2025-09-26 AI Newsletter

A collection of hexagons, each containing a different icon. On the left are three outlined heads: two with glasses, one a robot. The hexagons include a mall, a bridge, a raccoon, a Viking, and a goose.

External news

 

Anthropic model degradation incident

 

Over the past month, Anthropic experienced significant model reliability issues, with Claude sometimes producing notably worse or nonsensical responses. According to Anthropic’s postmortem, three separate, overlapping bugs degraded model quality for several weeks. 

Anthropic noted that diagnosing and fixing the issues was complicated both by the overlapping failures and by their own privacy protections, which limited engineers’ ability to inspect user conversations. 

The postmortem stressed that the issues were infrastructure bugs only, and not caused by Anthropic intentionally degrading model quality due to load or demand, as some users had suspected. 

These incidents damaged trust in Claude’s reliability and in Anthropic as a company. Many users seem to have felt that Anthropic was slow to acknowledge and fix the problems, a particular source of frustration for those on the $200/month Max plan.

 

Codex updates

 

OpenAI released updates to Codex, their software engineering agent, along with a new model trained specifically for coding, GPT-5-Codex, which they recommend you use with Codex. 

Before the release of GPT-5-Codex, OpenAI recommended that you use GPT-5 with Codex. Our impression is that the recent changes to Codex, as well as the release of the GPT-5 models, have substantially improved Codex and turned it into a strong competitor for tools like Claude Code

There are multiple ways to use Codex, which is included in any paid ChatGPT subscription

You can also access GPT-5-Codex via the Responses API

A major focus of GPT-5-Codex (and Codex generally) is code review. Codex can review PRs in GitHub, and in OpenAI’s evals, GPT-5-Codex produced fewer incorrect review comments and more “high-impact” feedback than GPT-5. You can read more about how the code review functionality works here.

 

Posit news

 

Last week was posit::conf! There were many AI-related talks and events, including:

If you attended (virtually or in person), you can watch sessions you missed in the conference portal. You can still register for a virtual ticket ($99) to get access to all recordings, or you can wait until the videos are posted to YouTube in December.

 

Terms

 

We’ve talked about agents in this newsletter before, but have never really defined what an agent is. The term can feel mysterious because it can be difficult to pin down a commonly agreed-upon definition, but that doesn’t mean that all agents are complicated. 

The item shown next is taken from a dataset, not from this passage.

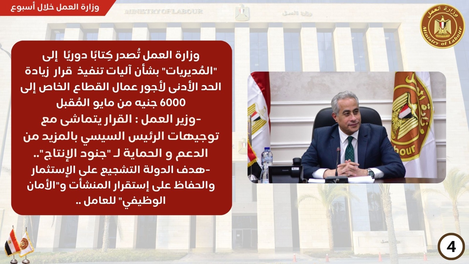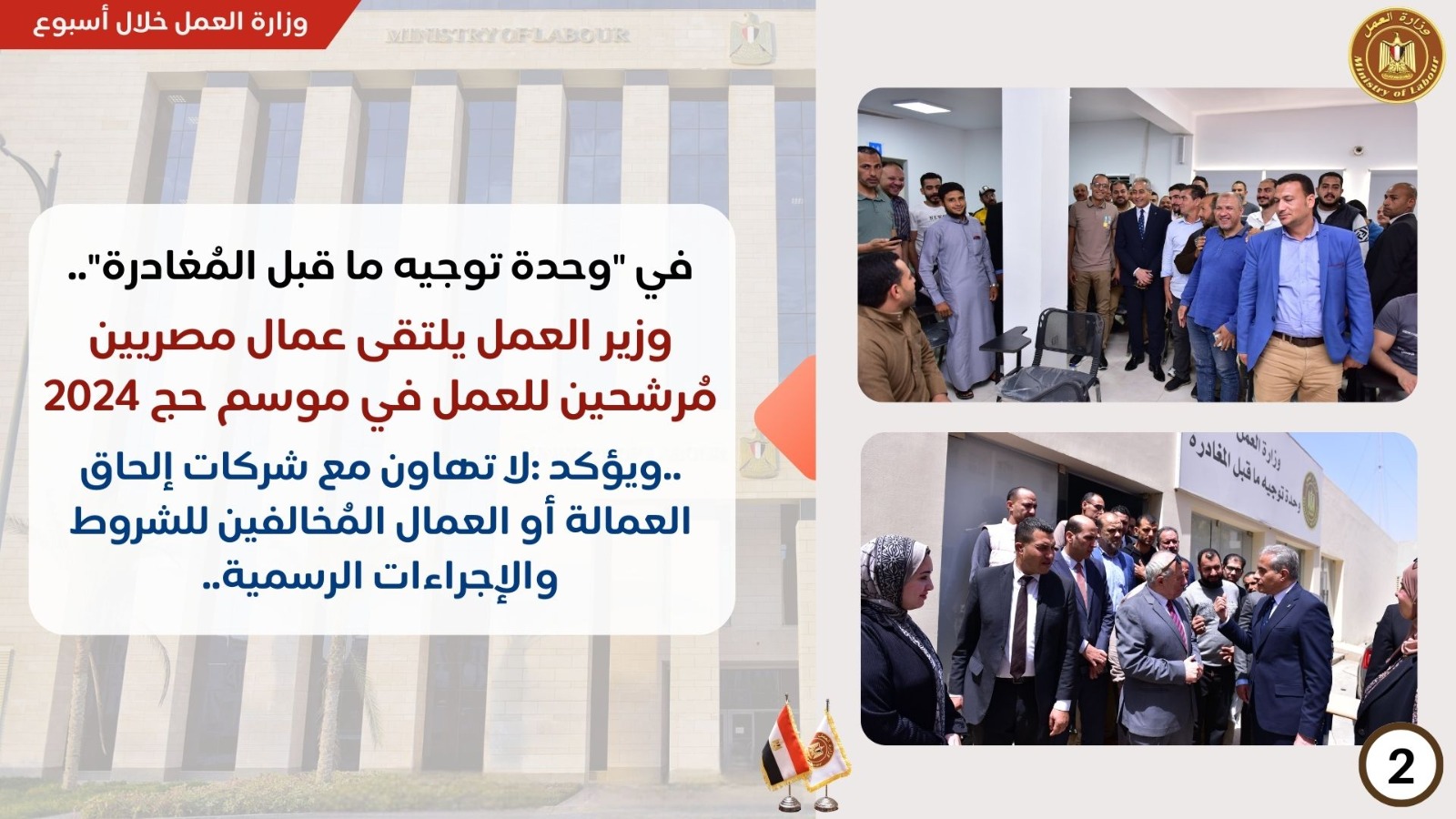 حصاد وزارة العمل: الوزارة تُصدر كتابًا دوريًا بشأن آليات تنفيذ قرار رفع الحد الأدنى لأجور عمال القطاع الخاص إلى 6000 جنيه، لقاء مع عمال مصريين مُرشحين للعمل في موسم حج 2024

At the heart of the definition of an AI agent is the ability to make tool calls, a way for an LLM to interact with external systems like APIs. For example, an LLM that queries a weather API to figure out the current weather is making a tool call. 

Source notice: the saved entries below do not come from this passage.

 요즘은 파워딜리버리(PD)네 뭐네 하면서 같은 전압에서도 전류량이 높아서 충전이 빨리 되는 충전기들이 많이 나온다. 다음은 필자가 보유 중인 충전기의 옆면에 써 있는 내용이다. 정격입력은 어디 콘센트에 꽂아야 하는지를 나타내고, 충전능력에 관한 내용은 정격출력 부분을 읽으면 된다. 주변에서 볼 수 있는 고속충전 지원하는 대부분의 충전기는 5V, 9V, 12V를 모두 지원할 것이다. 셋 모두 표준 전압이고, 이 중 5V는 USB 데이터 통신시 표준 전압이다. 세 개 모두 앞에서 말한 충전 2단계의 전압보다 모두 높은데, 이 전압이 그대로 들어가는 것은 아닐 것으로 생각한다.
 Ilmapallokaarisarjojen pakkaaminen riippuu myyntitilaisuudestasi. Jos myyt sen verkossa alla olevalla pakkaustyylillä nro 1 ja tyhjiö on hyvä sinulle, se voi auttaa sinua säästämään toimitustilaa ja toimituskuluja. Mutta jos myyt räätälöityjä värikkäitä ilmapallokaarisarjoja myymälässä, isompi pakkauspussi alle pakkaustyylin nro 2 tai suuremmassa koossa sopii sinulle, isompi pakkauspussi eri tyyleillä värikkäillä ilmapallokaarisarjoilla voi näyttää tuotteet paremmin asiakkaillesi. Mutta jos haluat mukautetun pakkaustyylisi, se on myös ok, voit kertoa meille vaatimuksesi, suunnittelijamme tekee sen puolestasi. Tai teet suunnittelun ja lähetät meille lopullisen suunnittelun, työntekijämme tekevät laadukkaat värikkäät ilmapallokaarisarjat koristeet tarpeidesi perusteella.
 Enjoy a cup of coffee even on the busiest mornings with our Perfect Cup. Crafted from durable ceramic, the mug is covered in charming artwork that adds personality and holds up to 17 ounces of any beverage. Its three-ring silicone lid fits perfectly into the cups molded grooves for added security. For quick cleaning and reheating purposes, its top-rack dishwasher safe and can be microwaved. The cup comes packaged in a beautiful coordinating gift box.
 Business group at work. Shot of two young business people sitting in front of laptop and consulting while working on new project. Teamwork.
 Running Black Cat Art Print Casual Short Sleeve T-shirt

Generally, agents meet three conditions:

  1. An agent can learn about the world through tool calling (for example, query a weather API).
  2. An agent can make changes to the world through tool calling (for example, write the weather forecast to a file)
  3. An agent operates in a loop, making tool calls, feeding results back into the model, and repeating until the goal is met (for example, determine the current location and time, query the weather API, write the forecast to a file)

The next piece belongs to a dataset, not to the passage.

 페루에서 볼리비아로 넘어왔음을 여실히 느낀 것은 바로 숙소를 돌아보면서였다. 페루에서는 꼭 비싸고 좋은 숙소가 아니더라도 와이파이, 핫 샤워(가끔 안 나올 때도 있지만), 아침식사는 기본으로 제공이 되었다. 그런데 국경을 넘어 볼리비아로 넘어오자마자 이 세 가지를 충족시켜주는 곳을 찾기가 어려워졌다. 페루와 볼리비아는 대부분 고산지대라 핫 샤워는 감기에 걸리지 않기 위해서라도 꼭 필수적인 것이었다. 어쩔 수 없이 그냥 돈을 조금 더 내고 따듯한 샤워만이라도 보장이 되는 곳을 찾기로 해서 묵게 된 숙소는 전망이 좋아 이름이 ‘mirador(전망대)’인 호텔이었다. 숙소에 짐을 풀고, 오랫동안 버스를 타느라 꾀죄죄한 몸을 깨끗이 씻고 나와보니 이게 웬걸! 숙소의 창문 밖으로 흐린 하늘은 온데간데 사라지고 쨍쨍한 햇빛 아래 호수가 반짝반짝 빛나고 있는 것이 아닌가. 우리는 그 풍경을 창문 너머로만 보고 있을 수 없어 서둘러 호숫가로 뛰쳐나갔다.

The last step is important because it means the agent can figure out its own path to its goals. It doesn’t need the user or another party to spell out which tool calls it should make and in what order. 

Simon Willison has a similar definition. Anthropic’s article on building agents also has some helpful definitions and diagrams.

 

Learn more

 

  • This Economist article is a useful overview of the lethal trifecta for a general audience. 
  • BetterUp Labs and the Stanford Social Media Lab are investigating “workslop,” which they’ve defined as AI-generated content that looks polished, but is largely unhelpful and shifts the work burden onto coworkers. Read about their findings here
  • Anthropic’s September Economic Index report has some interesting findings about Claude usage, including usage patterns by country.  
  • Along with some other models, Qwen released Qwen3-Omni, an open-weights “omni” model that supports text, image, audio, and video.